Supplied data -
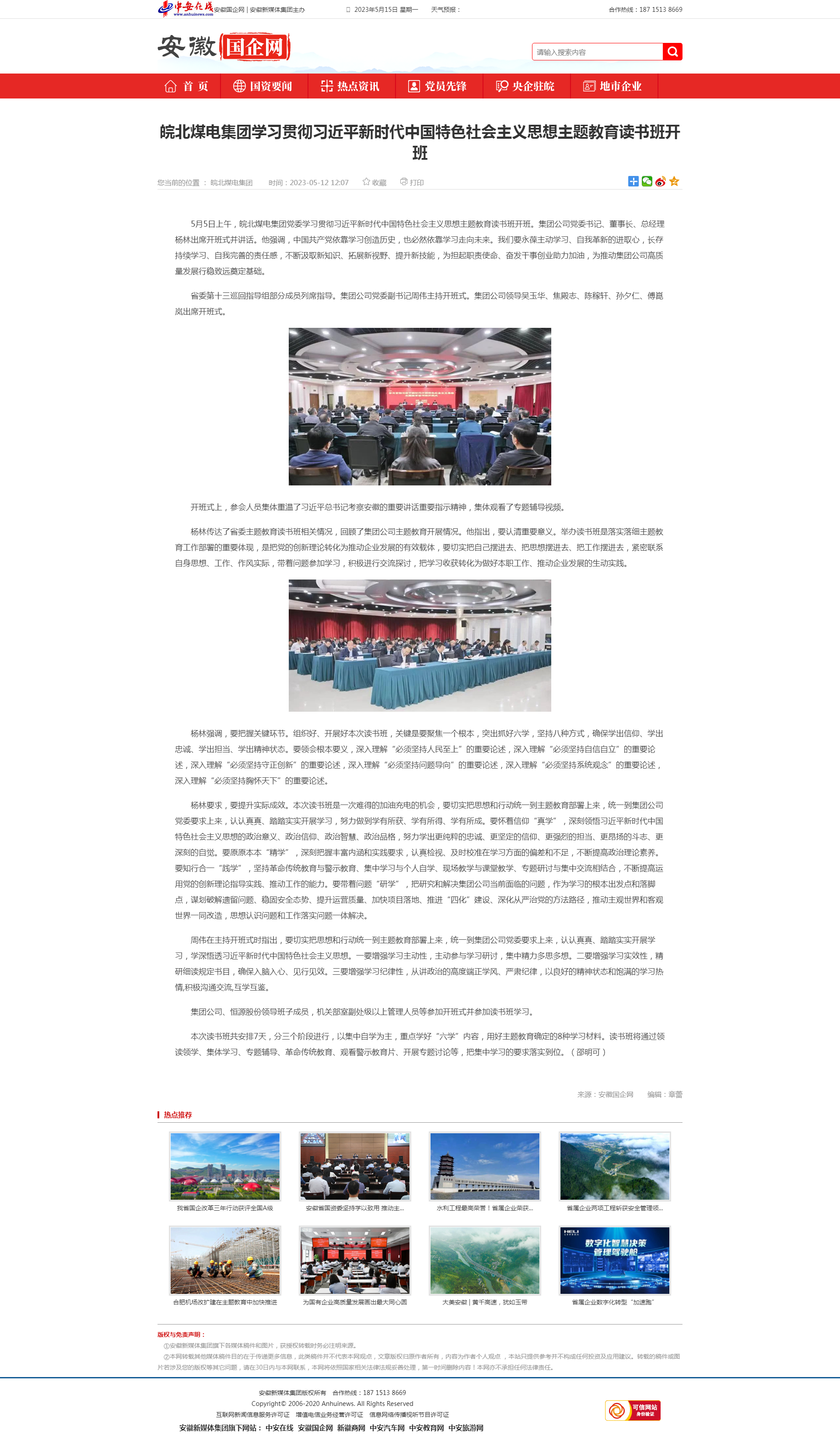 5月12日安徽國企網(wǎng):皖北煤電集團學(xué)習(xí)貫徹習(xí)近平新時代中國特色社會主義思想主題教育讀書班開班
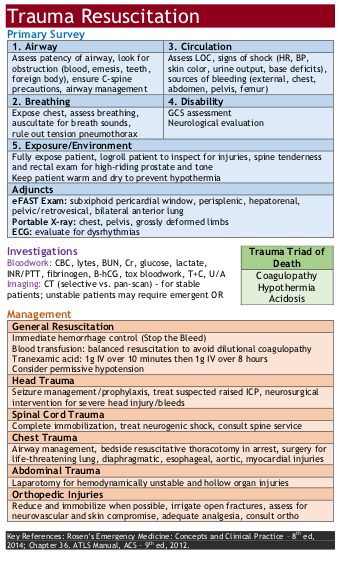 After a few months, you will dream of primary surveys. After a while, it should be engrained into the deepest parts of your brain. The ABCDE examination is a major part of emergency medicine and when things go to hell, we usually fold back to it or some version of it. We will focus on the primary and secondary assessments, the major concepts of trauma management, the equipment and where to find it.
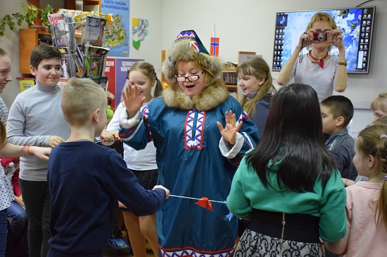 Дружный саамский хоровод собрал друзей библиотеки – учеников школы №13 в секторе литературы на иностранных языках. Дети показали театрализацию на английском языке «Северный танец». На страноведческий праздник пришла Татьяна Яшинькина, представитель Мурманского отделения Генерального консульства Финляндии в Санкт-Петербурге. Она рассказала о финских саамах, саамской одежде и культуре. А библиотекари провели активные веселые игры, в которых гости с удовольствием приняли участие. Встреча закончилась проведением мастер-класса по рисованию саамского костюма.
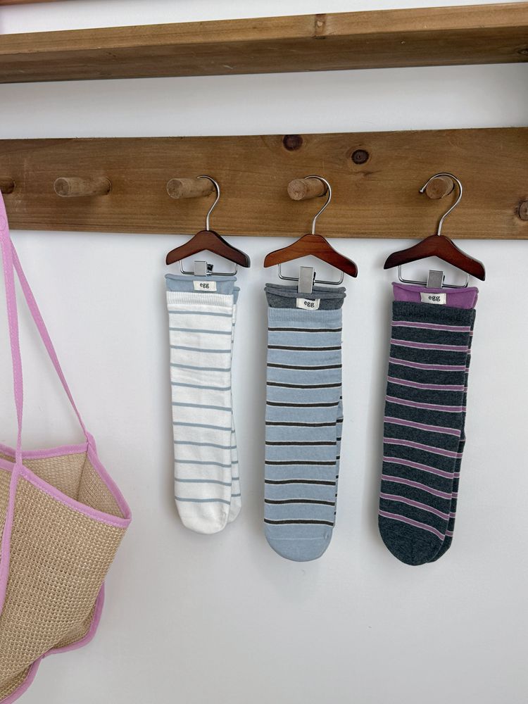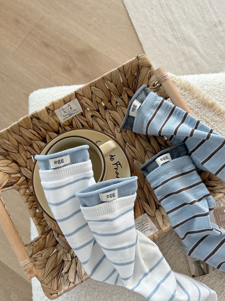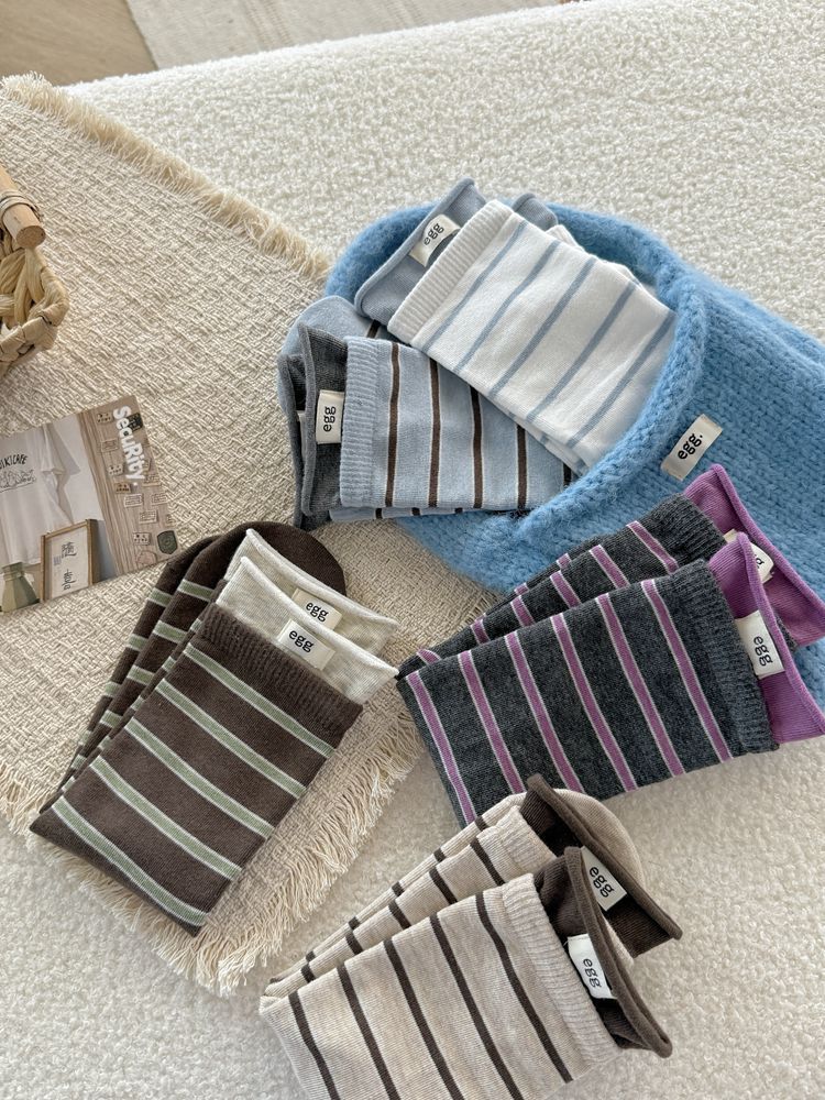 Striped Autumn and Winter Socks with Vintage Color-Blocking Fabric Labels, Ins-Style Ribbed Cuffs, Casual Mid-Calf Versatile Slouch Socks for Spring and Autumn
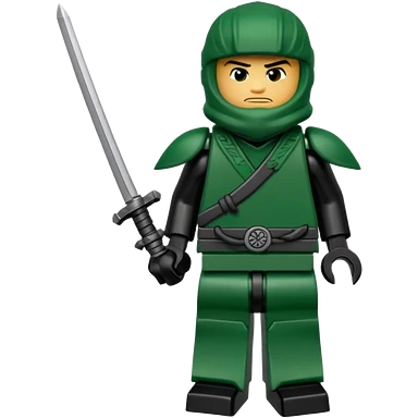 Green ninja Lloyd garmadon blonde hair, kaptur hoody on his head but blonde grzywka visible; the bottom left one is best (the one without miecze + black band + no mask of face) but add miecz; I want no band on head ; I don’t want any band on forehead emoji
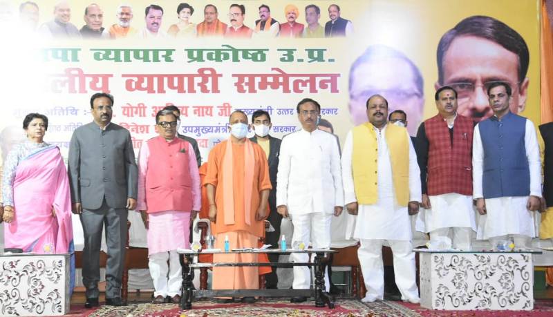 भारतीय जनता पार्टी व्यापार प्रकोष्ठ द्वारा आयोजित व्यापारी सम्मेलन को रविवार को मुख्यमंत्री योगी आदित्यनाथ तथा उप मुख्यमंत्री डा. दिनेश शर्मा ने सम्बोधित किया। लखनऊ महानगर के कैम्पल रोड स्थित जे.एस. लॉन में बड़ी संख्या में उपस्थित व्यापारियों के सम्मेलन में भाजपा व्यापार प्रकोष्ठ केे प्रदेश संयोजक विनीत अग्रवाल शारदा तथा महानगर संयोजक अभिषेक खरे ने तराजू भेंट कर मुख्यमंत्री योगी आदित्यनाथ तथा उप मुख्यमंत्री डा. दिनेश शर्मा का अभिनन्दन किया। सम्मेलन में जल शक्ति मंत्री डॉ. महेंद्र सिंह, महापौर संयुक्ता भाटिया, पार्टी के क्षेत्रीय अध्यक्ष शेष नारायण मिश्रा, लखनऊ महानगर अध्यक्ष मुकेश शर्मा, व्यापारी कल्याण बोर्ड उपाध्यक्ष मनीष गुप्ता, प्रदेश सह संयोजक अनूप गुप्ता, मुकुंद मिश्रा, क्षेत्रीय संयोजक पुरुषोत्तम पुरी मुख्य रूप से उपस्थित रहे।
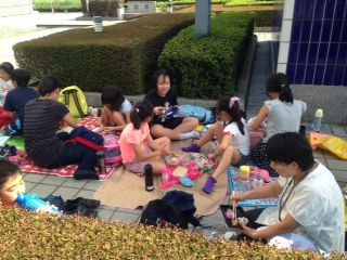 見学が終了した後、季節柄ハロウィンの仮装を楽しむ子供もいました。その後、日陰を探して昼食を食べました。どの子のお弁当も彩りよく美味しそうでした。
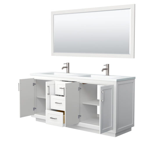 Miranda 72" Double Vanity in White, 1.25" White Top, Nickel Trim, 70" Mirror

Work to be completed - A word-for-word copy is needed of the lines from the line with "見学が終了した後、季節柄ハロ" through the last line of the entries above, with both ends kept and the pictures dropped.

Answer for the task -
 見学が終了した後、季節柄ハロウィンの仮装を楽しむ子供もいました。その後、日陰を探して昼食を食べました。どの子のお弁当も彩りよく美味しそうでした。
 Miranda 72" Double Vanity in White, 1.25" White Top, Nickel Trim, 70" Mirror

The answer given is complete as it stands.